Il significato dei codici di riciclaggio della plastica

I contenitori in plastica non sono tutti uguali! E i codici di riciclaggio possono aiutarci a capire cosa abbiamo esattamente tra le mani.

I codici di riciclaggio sono dei simboli, triangolari o esagonali, che troviamo su diversi oggetti, accompagnati da un numero o da una sigla. La loro funzione è quella di farci capire di che materiale è composto l’oggetto e darci dunque indicazioni su come riciclarlo correttamente.

Per la plastica, i codici di riciclaggio sono 7, e ci forniscono importanti informazioni su come utilizzare questi materiali. Ad esempio, a seconda del tipo di codice che troviamo sul packaging di plastica, possiamo capire se possiamo riutilizzare il contenitore.

Il numero o la sigla all’interno del codice identifica precisamente il materiale di cui è composto il contenitore di plastica, in base al polimero utilizzato per produrlo.

Ecco quali sono i significati dei codici di riciclaggio della plastica.

01 PET

È il codice che si trova più frequentemente sulle bottigliette di plastica. Indica che il materiale è composto da polietilene tereftalato. Può essere indicato con il numero 1 o con la sigla PET.

I contenitori con questo packaging non dovrebbero essere riutilizzati per via del rischio di contaminazioni batteriche: dunque, una volta utilizzati, vanno smaltiti.

Quando buttiamo questi contenitori dobbiamo fare attenzione a scegliere il cestino giusto, poiché la plastica con codice PET non è biodegradabile.

02 PE

Il codice 02, riportato anche come la sigla PE o PEHD, indica i materiali composti da polietilene. Si trova spesso su cartoni del latte e tappi.

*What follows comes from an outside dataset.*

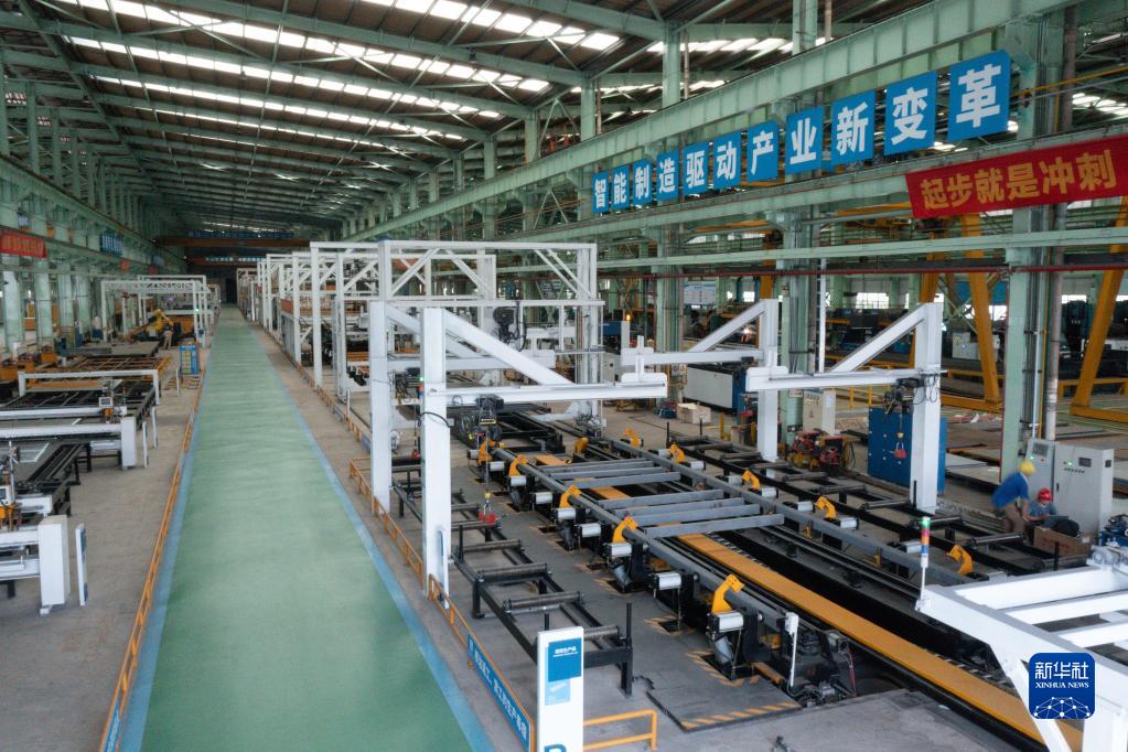 智能化鋼結(jié)構(gòu)模塊化生產(chǎn)線(2022年9月28日攝,無人機照片)。

Anche questi contenitori sono monouso e, come quelli dal codice PET, vanno smaltiti dopo il loro utilizzo. Insieme ai materiali con codice PET, infatti, quelli con sigla 02 o PE sono tra i più facili da riciclare, nonostante spesso siano sottoposti a processi di downcycling.

03 PVC

Appartengono a questo codice materiali composti in polivinilcloruro, spesso impiegato nell’edilizia.

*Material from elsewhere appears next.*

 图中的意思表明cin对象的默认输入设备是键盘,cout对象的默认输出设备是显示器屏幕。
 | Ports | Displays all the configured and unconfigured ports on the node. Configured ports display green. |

Secondo un report del Center for Health, Environment and Justice il PVC sarebbe un materiale dannoso per la nostra salute, a causa degli additivi utilizzati durante la sua produzione per renderlo più malleabile.

Inoltre, sembra che il PVC sia problematico anche per quanto riguarda il riciclo: a causa degli additivi tossici che contiene, infatti, nel 1998 l’American Association of Postconsumer Plastics Recyclers ha considerato i prodotti in PVC non completamente riciclabili.

04 PE-LD

Questo codice indica il polietilene a bassa densità. È il materiale utilizzato per costruire scivoli dei parchi giochi, parti dell’hardware di un computer ma anche recipienti e vaschette di uso quotidiano.

A differenza del PVC, questa è ritenuta una plastica sicura in quanto atossica: per questo motivo è utilizzata anche per la realizzazione di guanti monouso e altri oggetti in plastica che nel loro impiego vengono a contatto con del cibo.

05 PP

Questo codice indica gli oggetti composti in polipropilene, come le capsule del caffè. Questa plastica è termoindurente, dunque con il calore non si scioglie: questa proprietà fa sì che riesca a proteggere il cibo dall’umidità.

A differenza della plastica PET, che è considerata una tra le plastiche più facile da riciclare, la plastica con codice PP può essere sottoposta solo a tre processi di riciclo.

06 PS

Il codice 06 o PS indica l’uso del polistirene o polistirolo. Sono fatte di questo materiale le comuni posate usa e getta.

07 O

Il codice 07, anche indicato da una O o dalla parola OTHER, indica genericamente altri tipi di plastica.

Attenzione! Questo codice indica un tipo di plastica non riciclabile: ogni oggetto che riporta questo codice dovrà dunque essere smaltito nell’indifferenziato.